Dataset records:

((

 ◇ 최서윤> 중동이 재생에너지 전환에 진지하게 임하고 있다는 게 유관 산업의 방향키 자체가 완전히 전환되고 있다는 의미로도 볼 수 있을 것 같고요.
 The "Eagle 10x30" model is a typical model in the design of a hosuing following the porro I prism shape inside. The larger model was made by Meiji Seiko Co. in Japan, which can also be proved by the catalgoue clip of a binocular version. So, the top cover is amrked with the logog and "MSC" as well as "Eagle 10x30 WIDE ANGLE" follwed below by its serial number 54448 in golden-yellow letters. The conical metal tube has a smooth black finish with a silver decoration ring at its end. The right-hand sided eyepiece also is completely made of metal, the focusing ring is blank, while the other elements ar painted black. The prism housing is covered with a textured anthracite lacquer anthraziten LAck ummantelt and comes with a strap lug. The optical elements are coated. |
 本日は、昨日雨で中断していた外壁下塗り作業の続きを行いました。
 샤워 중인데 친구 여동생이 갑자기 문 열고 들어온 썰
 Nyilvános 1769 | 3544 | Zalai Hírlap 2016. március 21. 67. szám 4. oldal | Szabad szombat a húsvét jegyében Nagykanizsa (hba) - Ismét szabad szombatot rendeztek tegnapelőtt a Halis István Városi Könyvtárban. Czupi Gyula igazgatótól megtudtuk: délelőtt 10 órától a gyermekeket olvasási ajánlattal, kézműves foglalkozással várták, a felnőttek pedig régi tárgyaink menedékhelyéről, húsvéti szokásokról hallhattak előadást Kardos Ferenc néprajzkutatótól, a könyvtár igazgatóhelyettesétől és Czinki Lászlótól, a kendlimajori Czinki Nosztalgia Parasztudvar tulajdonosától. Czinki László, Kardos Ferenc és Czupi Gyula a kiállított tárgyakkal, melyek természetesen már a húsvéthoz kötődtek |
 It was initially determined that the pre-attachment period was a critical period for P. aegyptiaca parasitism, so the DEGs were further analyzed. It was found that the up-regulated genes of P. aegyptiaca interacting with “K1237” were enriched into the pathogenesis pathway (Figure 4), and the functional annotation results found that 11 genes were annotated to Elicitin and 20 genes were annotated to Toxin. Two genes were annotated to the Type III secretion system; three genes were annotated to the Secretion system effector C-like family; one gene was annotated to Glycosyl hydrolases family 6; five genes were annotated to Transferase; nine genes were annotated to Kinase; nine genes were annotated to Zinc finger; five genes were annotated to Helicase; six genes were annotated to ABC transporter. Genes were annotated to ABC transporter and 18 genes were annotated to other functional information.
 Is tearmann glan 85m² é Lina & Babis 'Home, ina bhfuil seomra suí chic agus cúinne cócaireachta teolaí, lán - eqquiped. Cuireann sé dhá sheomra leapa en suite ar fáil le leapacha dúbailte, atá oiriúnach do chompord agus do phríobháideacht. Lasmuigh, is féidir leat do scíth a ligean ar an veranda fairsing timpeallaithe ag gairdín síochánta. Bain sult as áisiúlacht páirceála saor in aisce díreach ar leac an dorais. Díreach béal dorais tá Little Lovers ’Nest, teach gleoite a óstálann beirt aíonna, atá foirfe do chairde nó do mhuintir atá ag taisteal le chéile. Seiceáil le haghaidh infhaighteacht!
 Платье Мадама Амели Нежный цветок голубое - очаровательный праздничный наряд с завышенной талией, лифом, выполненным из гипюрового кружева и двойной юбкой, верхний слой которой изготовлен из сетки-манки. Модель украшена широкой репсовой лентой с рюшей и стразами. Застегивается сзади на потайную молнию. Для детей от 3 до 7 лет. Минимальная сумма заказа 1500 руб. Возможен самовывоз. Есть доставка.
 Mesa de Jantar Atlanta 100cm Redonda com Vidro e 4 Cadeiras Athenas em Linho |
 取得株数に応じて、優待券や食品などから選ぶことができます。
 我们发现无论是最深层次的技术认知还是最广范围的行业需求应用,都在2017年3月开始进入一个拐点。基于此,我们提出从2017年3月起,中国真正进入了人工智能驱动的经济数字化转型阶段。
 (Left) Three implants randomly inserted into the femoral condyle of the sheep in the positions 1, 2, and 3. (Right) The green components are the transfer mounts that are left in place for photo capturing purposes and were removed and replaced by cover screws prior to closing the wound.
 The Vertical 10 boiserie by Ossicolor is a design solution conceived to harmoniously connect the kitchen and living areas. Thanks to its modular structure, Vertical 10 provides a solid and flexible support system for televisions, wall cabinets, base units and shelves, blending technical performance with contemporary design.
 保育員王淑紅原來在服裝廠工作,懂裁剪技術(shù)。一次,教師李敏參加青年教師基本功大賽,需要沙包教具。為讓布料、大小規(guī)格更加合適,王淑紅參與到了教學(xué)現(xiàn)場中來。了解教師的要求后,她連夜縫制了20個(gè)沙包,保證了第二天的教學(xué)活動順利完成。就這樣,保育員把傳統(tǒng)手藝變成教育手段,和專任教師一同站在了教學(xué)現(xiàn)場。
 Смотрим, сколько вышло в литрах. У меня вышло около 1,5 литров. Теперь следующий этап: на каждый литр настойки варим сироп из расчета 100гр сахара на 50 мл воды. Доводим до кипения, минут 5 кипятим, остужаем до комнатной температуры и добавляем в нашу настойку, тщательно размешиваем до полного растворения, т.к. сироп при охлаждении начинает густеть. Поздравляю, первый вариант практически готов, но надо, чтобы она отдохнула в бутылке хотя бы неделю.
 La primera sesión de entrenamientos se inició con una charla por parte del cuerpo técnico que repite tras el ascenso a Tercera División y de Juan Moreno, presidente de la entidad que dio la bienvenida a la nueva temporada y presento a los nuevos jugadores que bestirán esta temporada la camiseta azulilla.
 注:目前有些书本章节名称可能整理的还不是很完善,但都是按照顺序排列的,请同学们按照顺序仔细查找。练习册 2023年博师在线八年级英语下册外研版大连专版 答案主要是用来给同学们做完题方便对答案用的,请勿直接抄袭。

))

What to produce: Where a line contains "保育員王淑紅原來在服裝廠工作", begin there and output each line through the end of the data above, exactly; give no other lines.

Reply:
 保育員王淑紅原來在服裝廠工作,懂裁剪技術(shù)。一次,教師李敏參加青年教師基本功大賽,需要沙包教具。為讓布料、大小規(guī)格更加合適,王淑紅參與到了教學(xué)現(xiàn)場中來。了解教師的要求后,她連夜縫制了20個(gè)沙包,保證了第二天的教學(xué)活動順利完成。就這樣,保育員把傳統(tǒng)手藝變成教育手段,和專任教師一同站在了教學(xué)現(xiàn)場。
 Смотрим, сколько вышло в литрах. У меня вышло около 1,5 литров. Теперь следующий этап: на каждый литр настойки варим сироп из расчета 100гр сахара на 50 мл воды. Доводим до кипения, минут 5 кипятим, остужаем до комнатной температуры и добавляем в нашу настойку, тщательно размешиваем до полного растворения, т.к. сироп при охлаждении начинает густеть. Поздравляю, первый вариант практически готов, но надо, чтобы она отдохнула в бутылке хотя бы неделю.
 La primera sesión de entrenamientos se inició con una charla por parte del cuerpo técnico que repite tras el ascenso a Tercera División y de Juan Moreno, presidente de la entidad que dio la bienvenida a la nueva temporada y presento a los nuevos jugadores que bestirán esta temporada la camiseta azulilla.
 注:目前有些书本章节名称可能整理的还不是很完善,但都是按照顺序排列的,请同学们按照顺序仔细查找。练习册 2023年博师在线八年级英语下册外研版大连专版 答案主要是用来给同学们做完题方便对答案用的,请勿直接抄袭。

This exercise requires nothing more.